3.2. HS-GC-IMS Analysis of Smoke-Flavored Sea Bass in Different Production Steps
3.2.1. Identification of Volatile Compounds
HS-GC-IMS is a non-targeted analytical method for the identification of volatile compounds in a sample by providing retention time and drift time of the compounds. Figure 4 shows the 2D topographic subtraction plots of volatile compounds in smoke-flavored sea bass in different production steps. It was obtained by subtracting fresh fish stage from other samples. Each point represents a volatile compound, and the color and area of the point represent the size of the substance content. The redder the area is, the higher the content of volatile compounds, and the opposite is true for blue [40]. Figure 4 directly shows the migration time of each sample is about 13 ms, and the retention time of various volatile compounds is between 100 and 500 s. There were significant differences in volatile compounds at different stages. The content of some substances decreased in the salted stage, while the content of volatile substances increased significantly in the dried, smoked and heated samples, but there were multiple blue areas in the heated sample.
Figure 4
Two-dimensional (2D)-topographic subtraction plots based on the signal intensity of smoke-flavored sea bass with different production steps via HS-GC-IMS. The horizontal axis represents the ion migration time (ms), and the vertical axis represents the retention time (s).

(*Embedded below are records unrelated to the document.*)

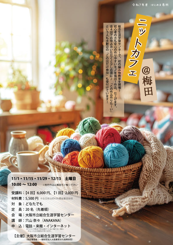 電話・来館・インターネット ◆電話・FAX・来館でのお申し込みは、①講座名 ②名前(ふりがな) ③郵便番号・住所 ④電話番号(FAX番号)をご記入のうえ、総合生涯学習センターまでお申し込みください。 ◆インターネットでのお申し込みはこちら → 「ニットカフェ@梅田」申込フォーム ※お申し込み後、受講案内通知をお送りします。ご案内をお読みのうえ、講座にご参加ください。 |
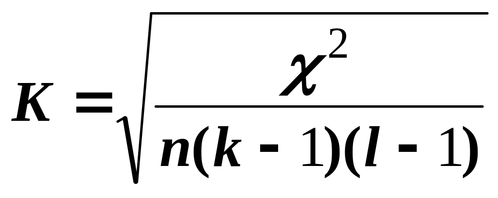 Коефіцієнт взаємної спряженості для двох змінних, які вимірюються за номінальною шкалою, називається коефіцієнтом контингенції та розраховується за формулою:
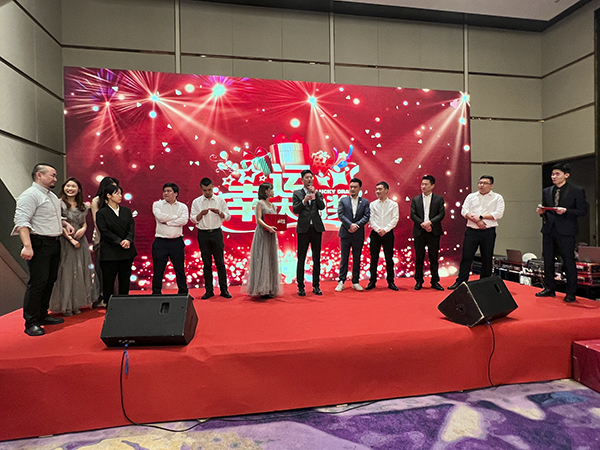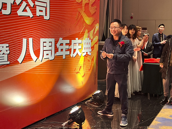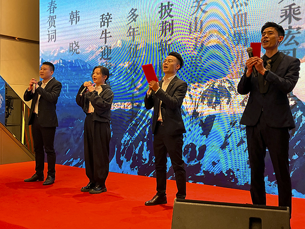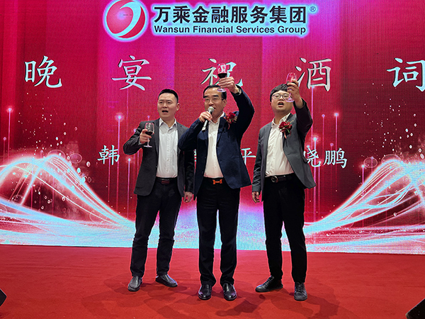 在5名员工朗诵了韩总裁撰写的“虎年抒怀”的诗歌后,韩晓总裁、周卫平副总裁、刘晓鹏副总经理联袂登台,向全体员工和各位嘉宾敬酒。宾主共同举杯,祝温州万乘财源滚滚,业绩长虹!
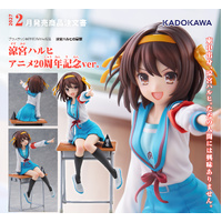 To celebrate the 20th anniversary of the TV anime series "The Melancholy of Haruhi Suzumiya," Haruhi Suzumiya has been turned into a figure clad in her iconic school uniform!
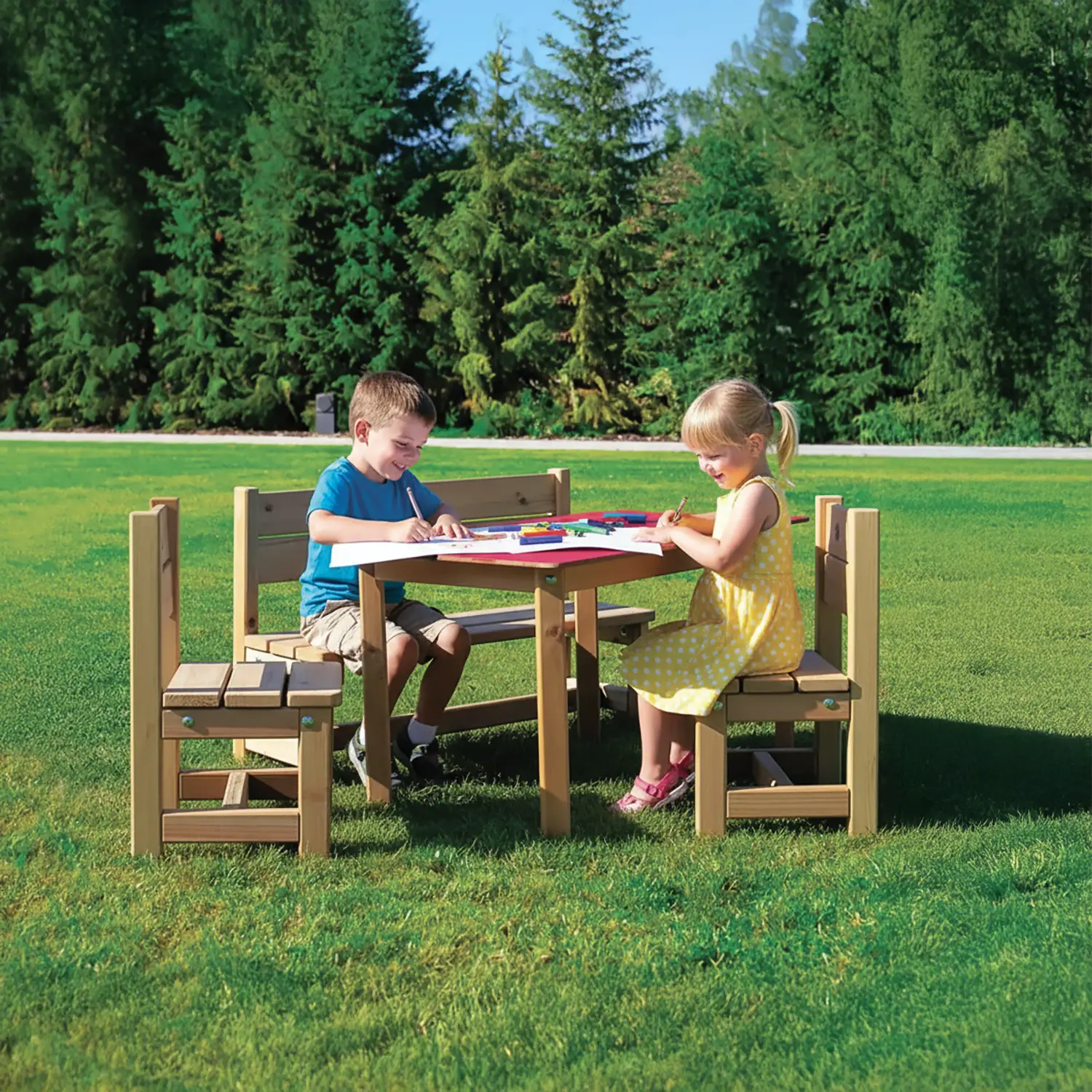 Questo set tavolo con panche baby da esterno trasforma ogni momento all’aperto in un’esperienza sicura, divertente e confortevole per i più piccoli, perfetto per giochi, merende e attività creative all’aperto.
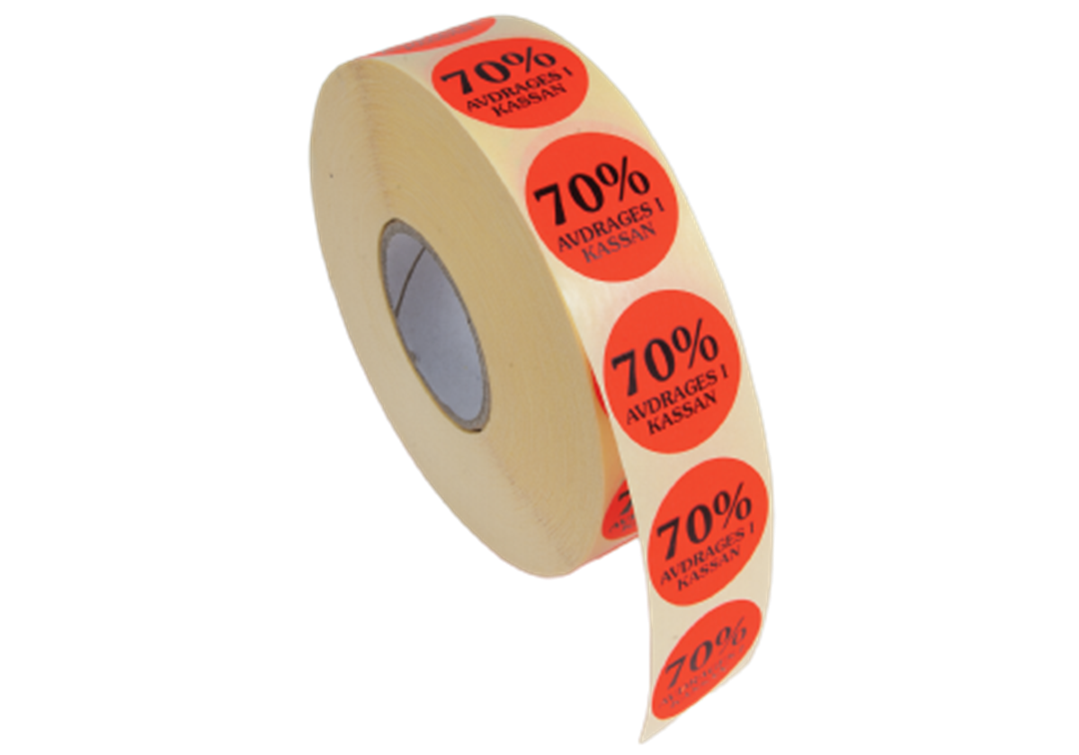 Självhäftande etiketter i fluorescerande röd färg. 29 mm i diameter. 2000 st/rulle.

The smoke-flavored sea bass has a total of 26 volatile compounds that have been tentatively identified (Table S2). Of note, the instrument detected seven volatile compounds (1-propanol, 2-propanol, 3-methylbutanol, 3-methylbutanal, hexanal, furfural and ethyl acetate) in both monomer and dimer forms [41]. Among the 26 volatile compounds tentatively identified, the carbon chains were generally concentrated in the range of C4–C9, which mainly included aldehydes, alcohols and ketones. There were 13 species of aldehydes, with the largest number, which was followed by alcohols (8) and ketones (5).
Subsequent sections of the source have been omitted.